The sun may have risen in the last 48 hours like clockwork, but nothing has been the same as it was before in the city of Chicago.

My city is on fire. 

My people are on fire. 

Everyone is sharing the infamous quote of Dr. Martin Luther King Jr., “A riot is a language of the unheard.” But they’re leaving out the very next sentence…“What has America failed to hear?”                                           

America has been silencing us for hundreds of years and this is the breaking point. I may not be in the streets but the rage is still inside. 

I may be sitting from my home but my spirit is with my brothers and sisters in the streets, angry, yelling, protesting, rioting, looting. 

We deserve this moment. For our frustrations to manifest in “damage,” for our anger to be outward displays and cries to be seen. We deserve to take what we don’t have, what hasn’t been provided to us, even if it’s in our own community. 

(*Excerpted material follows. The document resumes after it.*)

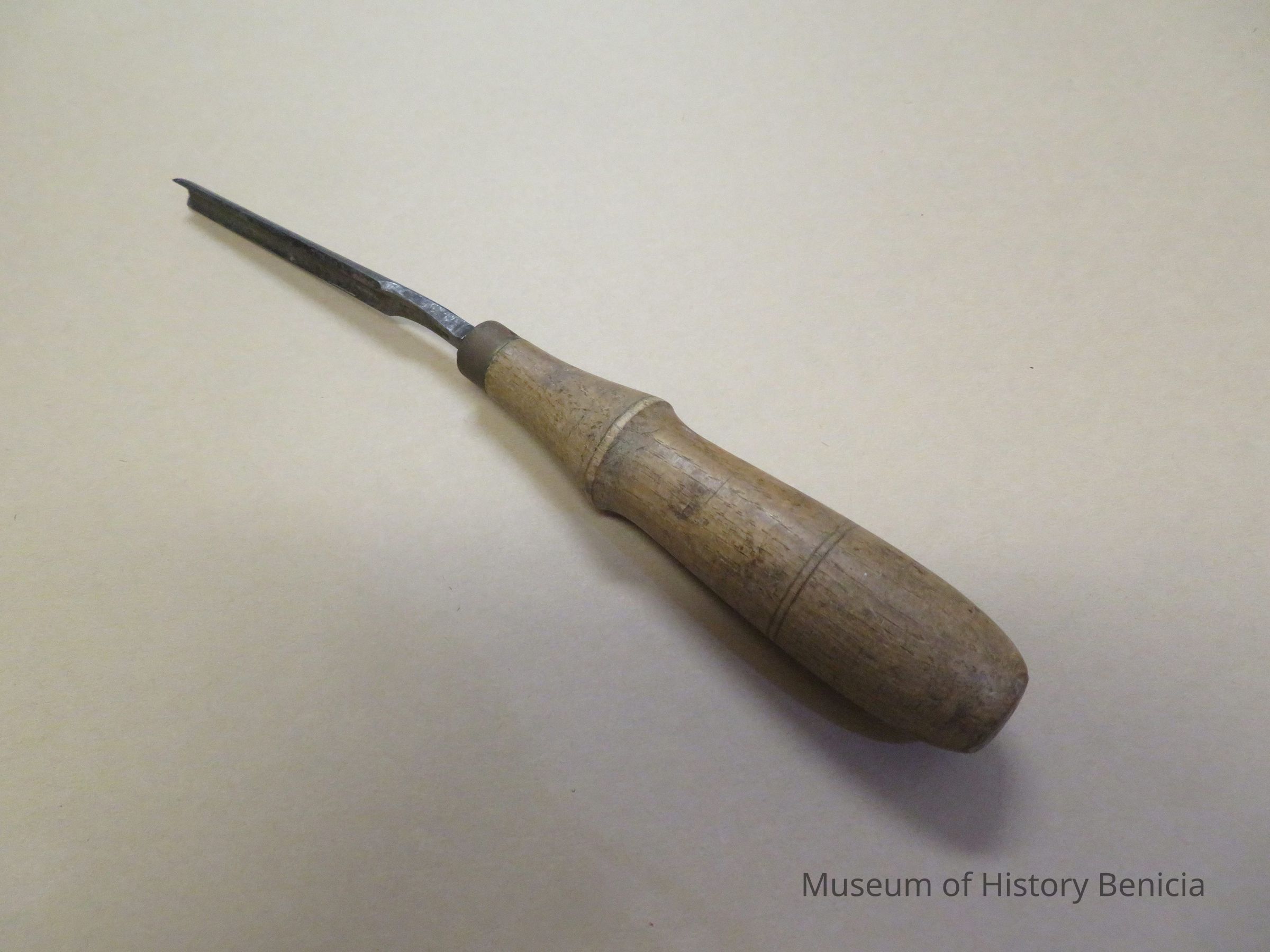 Carving tool "U" shaped blade, 1" x 9 1/2", wood and cast steel. Vintage tool.

Because what America has failed to hear is our cries of justice being served when we die at the hands of those who were supposed to protect us. America has failed to hear the students who grow up to be adults who didn’t receive the education they deserved to be “forced” into situations that have led to death or jail as a result of no options. America has failed to hear the cries of the people who can’t watch birds or build lemonade stands or sell water from their stoop. America has failed to hear the parents of our black boys and girls who know that they’re babies deserve a better life and don’t have the option of choosing a school outside of their neighborhood. 

And this week our schools have completely shut down. No food distribution to the thousands of families who have relied on the meals of stability in an economic downward spiral. The spaces that should be committed to serving, the district that has a chance to step up and show solidarity, chose to close schools for “safety.” 

Who are you keeping safe?

From your position of privilege, you removed the necessities of life and expect “remote learning” to continue? Your decision to stop distribution of food fuels the system of inequity that we’re fighting against—another clear indication that “schools” in the traditional sense weren’t created for my people.

So, this day, not only is my community burning, but my students and the babies of our community are suffering. Starving. What do you think happens when people can’t get food to feed their families? When the jobs are lost? When we are still in the middle of a pandemic?

I am enraged. 

The tension of behaving like any day is an ordinary day from the moment I realized I was black has led to many occasions of smiling to hide the pain. Being on the verge of tears and terror. Constantly. 

Not today!

My city is on fire. 

And rightfully so.

And we will rebuild from this day. And the next day. And the days to come.

But for right now…

If you can’t hear us, you will see us.